ABS-CBN forgot that it had an existing CBA with a union, which agreement must be respected in any move
affecting the security of tenure of affected employees; otherwise, it ran the risk of committing unfair labor
practice both a criminal and an administrative offense.
Awards
By law, illegally dismissed employees are entitled to reinstatement without loss of seniority rights and other
privileges and to full backwages, inclusive of allowances, and to other benefits or their monetary equivalent
from the time their compensation was withheld from them up to the time of their actual reinstatement.

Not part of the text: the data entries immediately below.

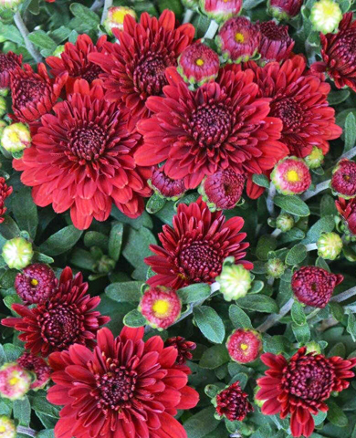 Потрясающие оттенки спелой сочной вишни или даже черешни! Они яркие, глубокие и полные энергии! На краях лепестков можно заметить тонкие желтоватые полоски, словно следы теплого солнечного света. Диаметр цветков 5–6 см. Кусты имеют густую шарообразную форму с ярко-зелеными листьями, напоминающими дубовые. Растение прекрасно смотрится как в групповых, так и в одиночных посадках. Не боится первых морозов и отлично переносит зиму без укрытия.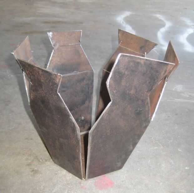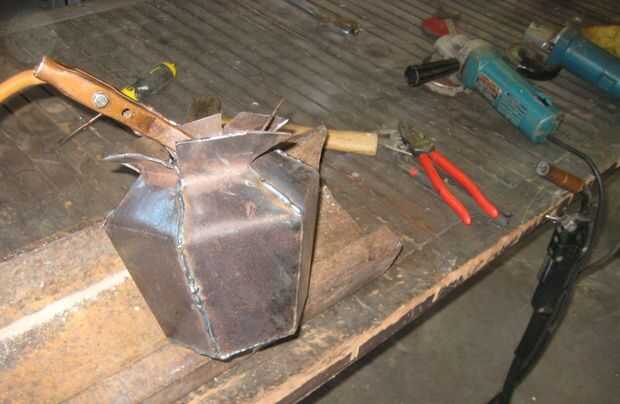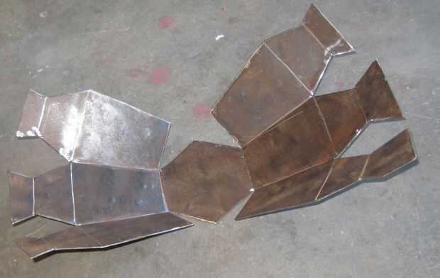 Dejé algunos de acero en la parte superior de cada pedazo del hombro para hacer un borde. Había doblado los pedazos del borde hacia fuera como formé los hombros. Éstos asumieron algunos martillazos para sacarlos bien para soldar. (Realmente no me convence que la llanta es necesaria. Sólo podría picarlo apagado. ¿Qué opinas?)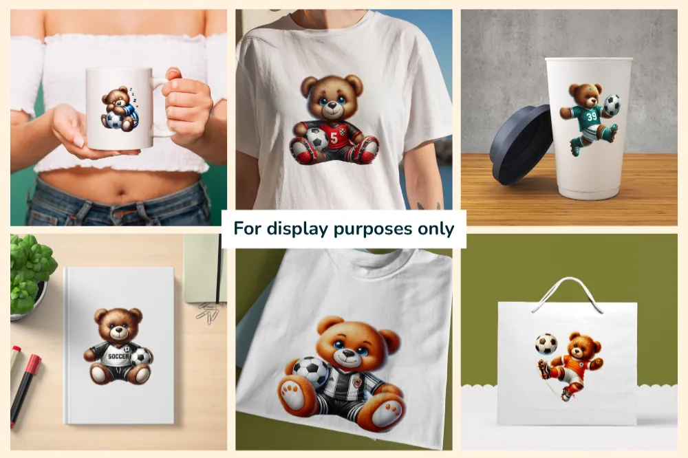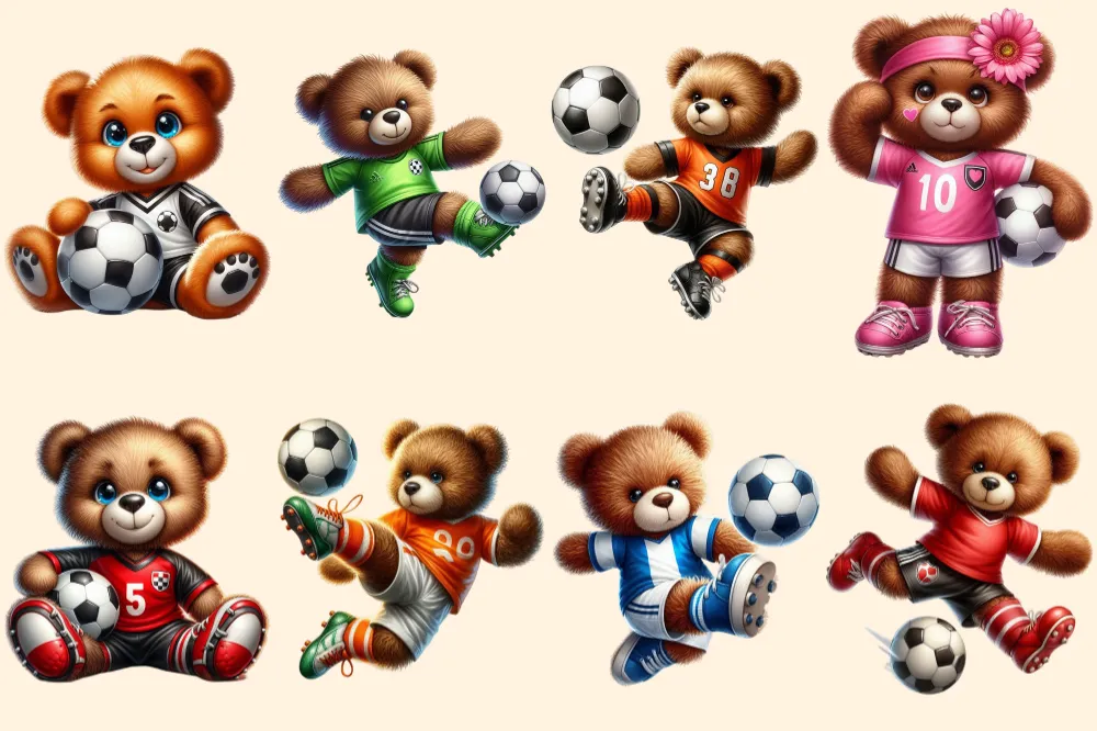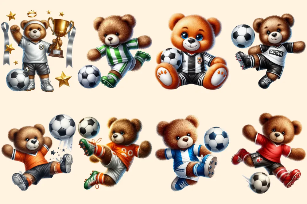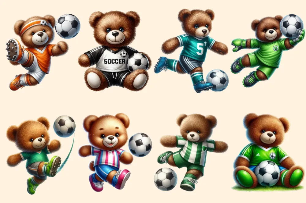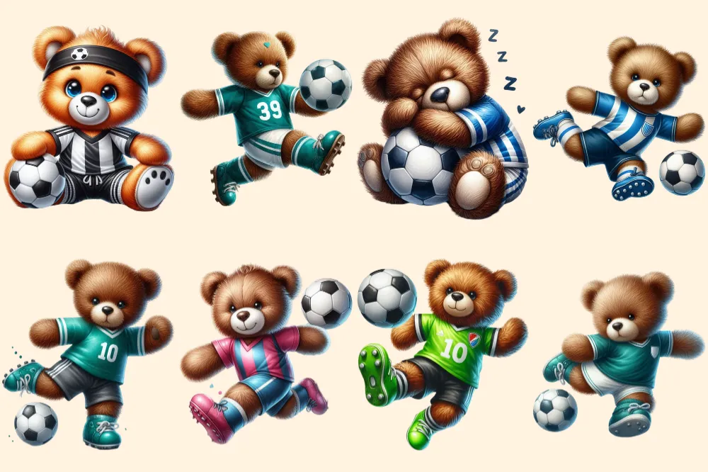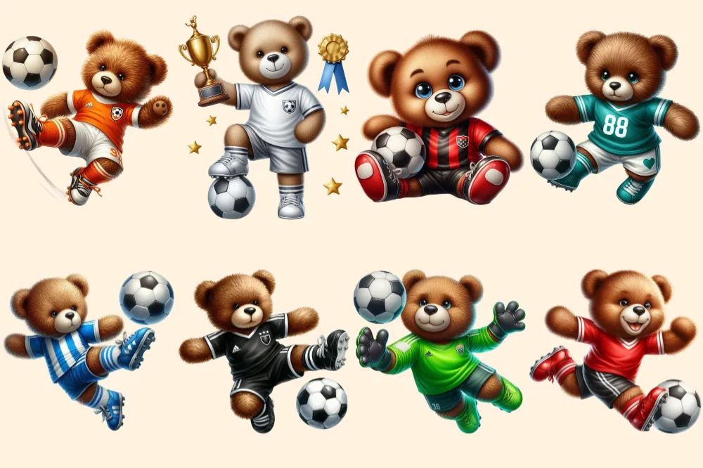 Soccer Teddies (P-2) PNG Clipart Collection – 37 PNG, Soccer teddy illustrations, Bear sports printables, Commercial use, Digital download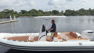 The Tiger Marine 740 PL is stocked with hypalon tube. SeaDeck faux teak, Silvertex cushion set, ski-pole, Nav lights, Bilge Pump, Battery system with cutoff switch,  Fiberglass T-top with aluminum frame. SS rod holders. SS cup holders, SS swim ladder. Stand-up drivers seat with aft facing seat with arm rest, LED deck lights, Swim platforms with Swim Ladder.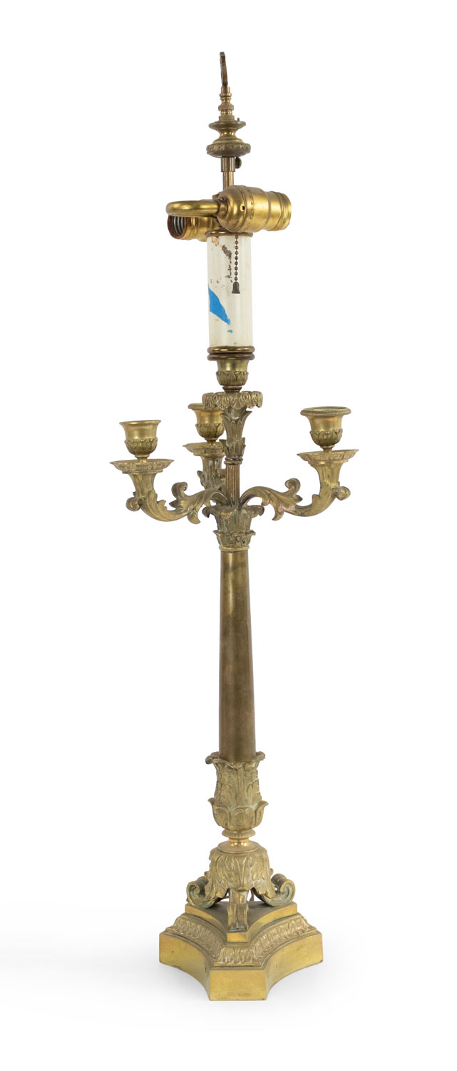 French Louis XVI style (19th Century) 3 arm candelabra with a column over a triangular base with claw feet now wired as a lamp..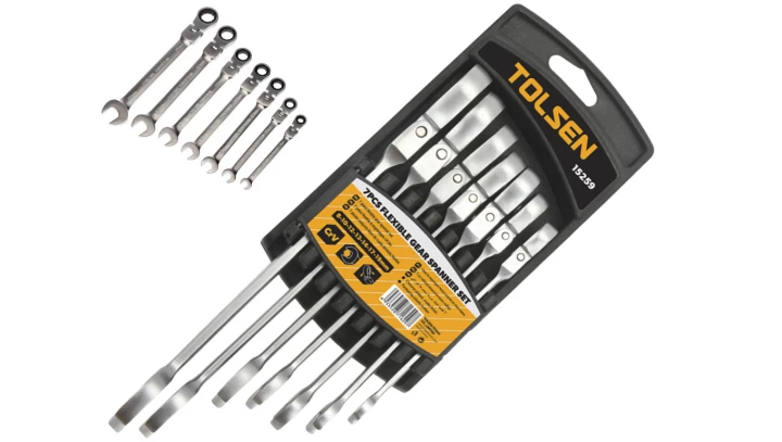 Klucze płasko-oczkowe z grzechotką / klucze płaskie 8-10-12-13-14-17-19 mm / zestaw kluczy grzechotkowych / E15259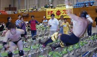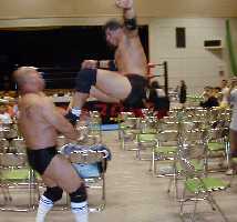 | 相島のキックで吹っ飛ぶマンゲル | マンゲルは相島をロビーに連れ出す | 椅子を使ってのドロップキック |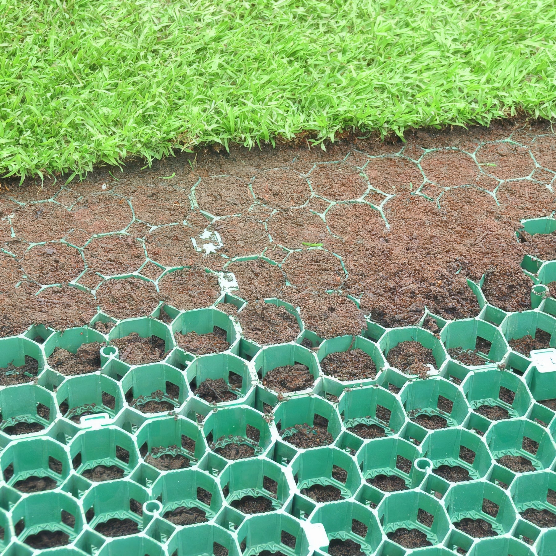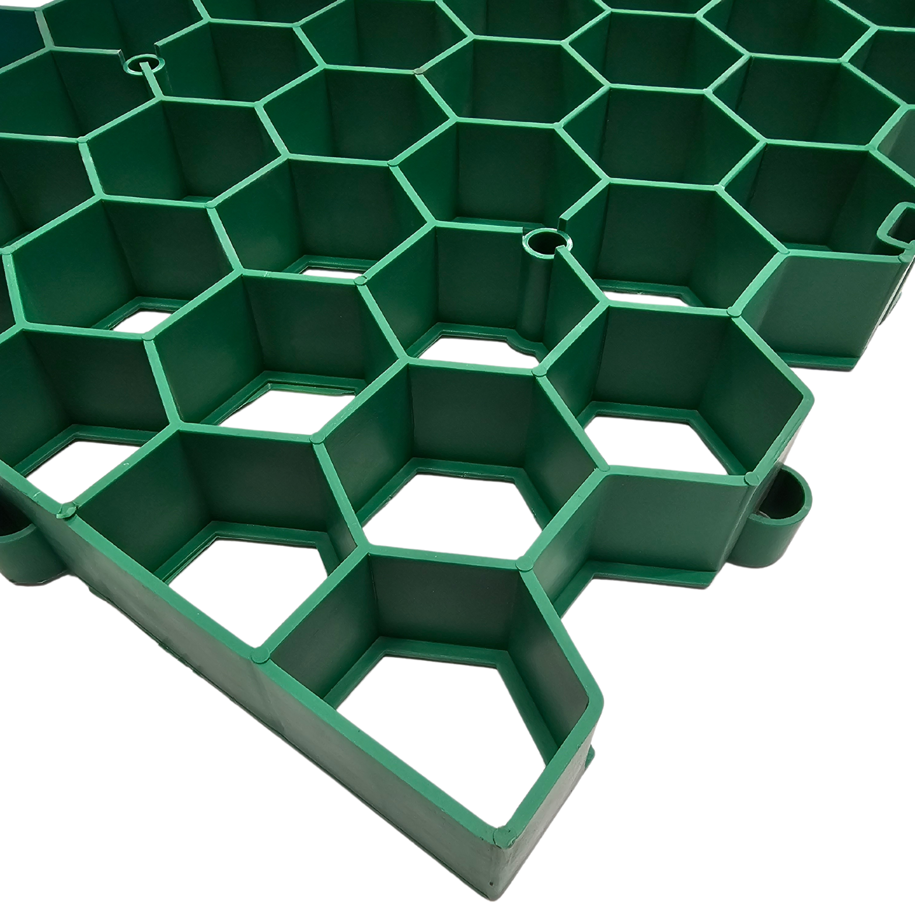 Our company exclusively provides a grid tailored for sloped applications, setting us apart in the industry. The 60-40 grid, with its innovative lateral drainage design, ensures seamless water flow between cells, effectively preventing any accumulation on slopes. Additionally, the grid is equipped with dedicated slots for inserting 8-12 inch galvanized nails, anchoring the grid firmly in place and virtually eliminating slippage risks. This combination of efficient drainage, secure anchoring, advanced geo-textile, and hexagonal design culminates in a foundation of unmatched permeability and stability.

The
four dismissed drivers deserve no less.
Moreover, they are also entitled to moral damages since their dismissal was attended by bad faith.40 For
having been compelled to litigate and to incur expenses to protect their rights and interest, the petitioners
are likewise entitled to attorneys fees.

(Note: Pinagalitan din ni Brion yung LA, NLRC, saka CA. Di to part pero nakakatuwa lang basahin. Eto sabi
nya: )
The errors and omissions do not belong to ABS-CBN alone. The labor arbiter himself who handled both
cases did not see the totality of the companys actions for what they were. He appeared to have blindly
allowed what he granted the petitioners with his left hand, to be taken away with his right hand, unmindful
that the company already exhibited a badge of bad faith in seeking to terminate the services of the
petitioners whose regular status had just been recognized. He should have recognized the bad faith from the
timing alone of ABS-CBNs conscious and purposeful moves to secure the ultimate aim of avoiding the
regularization of its so-called "talents."
The NLRC, for its part, initially recognized the presence of bad faith. However, in an inexplicable turnaround,
it reconsidered its joint decision and reinstated not only the labor arbiters decision of January 17, 2002 in
the regularization case, but also his illegal dismissal decision of April 21, 2003.38 Thus, the NLRC joined the
labor arbiter in his error that we cannot but characterize as grave abuse of discretion.
The Court cannot leave unchecked the labor tribunals patent grave abuse of discretion that resulted, without
doubt, in a grave injustice to the petitioners who were claiming regular employment status and were
unceremoniously deprived of their employment soon after their regular status was recognized. Unfortunately,
the CA failed to detect the labor tribunals gross errors in the disposition of the dismissal issue. Thus, the CA
itself joined the same errors the labor tribunals committed.